The OP has said the ‘friend’s’ reaction was to the story of the male gay couple who allegedly murdered a child that had been placed in their care. There was some nuance to the reaction even if that doesn’t suit your knee jerk reaction straight to unbridled bigotry.

Iatethelastbiscuit · Today 18:41

Jesstica · Today 18:16

Do people really want to be engaged with or educated? I've already been accused on this thread of being judgy or preachy

Personally I rarely find people take kindly to that or want to be challenged politically by someone unprovoked.

I don't think people want their soft play with a side of political judgement on either side.

I think if someone (especially someone who is presumably still fairly young if she has a nursery age child) has got to 2026 and still holds these bigoted views it’s not because they aren’t educated, it’s because they’re hateful..possibly ignorant as well but I agree no adult takes kindly to “being educated”, especially not by a virtual stranger on a play date! Also it’s not your responsibility to educate her

Iatethelastbiscuit · Today 18:46

EvangelicalAboutButteredToast · Today 18:40

The OP has said the ‘friend’s’ reaction was to the story of the male gay couple who allegedly murdered a child that had been placed in their care. There was some nuance to the reaction even if that doesn’t suit your knee jerk reaction straight to unbridled bigotry.

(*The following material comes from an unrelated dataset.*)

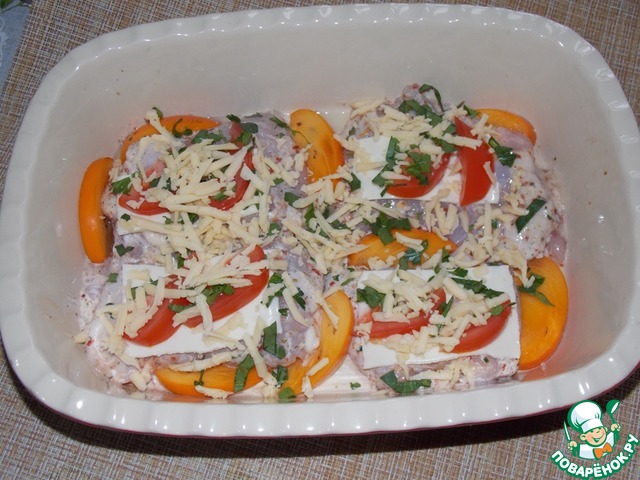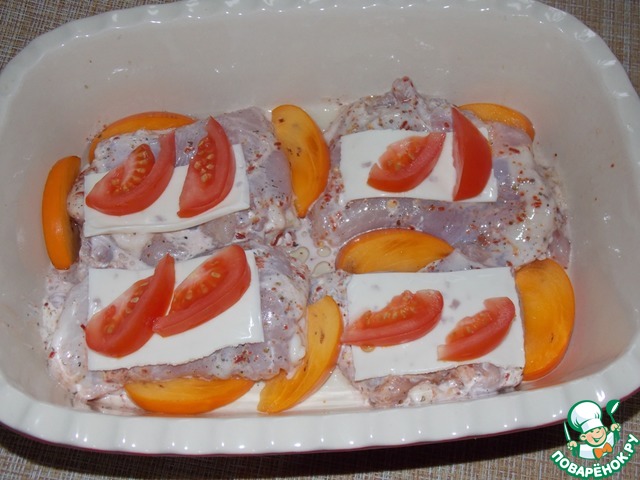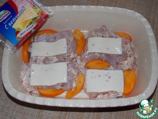 Рецепт «Запечённые бедра с хурмой и сыром»:

What has the fact that they’re a gay couple got to do with the fact they murdered and abused their adopted child?! Do you know how many fostered/adopted children have been abused by straight couples? Does anyone mention their sexuality in these cases? No. Jeeez this reminds me of back in the day when people used to think gay men must be peados 🤣

JoshLymanSwagger · Today 18:46

@Jesstica Your little one is 3? Then you and your wife get to choose who they have playdates with.
Cancel it. You don't need that kind of attitude around your children.

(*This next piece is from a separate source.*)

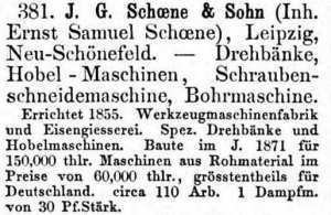 Quelle #7: Die Groß-Industrie des Königreichs Sachsen in Wort und Bild. Erster Theil, Eckert & Pflug, Kunstverlag, Leipzig 1892, Seiten S. 282/283 zur Firma J. G. Schöne & Sohn in Leipzig-Neuschönefeld, Maschinenfabrik und Eisengießerei

EvangelicalAboutButteredToast · Today 18:49

Iatethelastbiscuit · Today 18:46

What has the fact that they’re a gay couple got to do with the fact they murdered and abused their adopted child?! Do you know how many fostered/adopted children have been abused by straight couples? Does anyone mention their sexuality in these cases? No. Jeeez this reminds me of back in the day when people used to think gay men must be peados 🤣

Why whataboutery the facts? It’s okay to recognise that two gay males sexually abused a baby to death alongside recognising that other males, not in a gay relationship, have also violently abused children. When you aren’t wrapped up in needing to be right you can recognise the common denominator here are males. Violent men and absolutely nothing to to do with lesbians.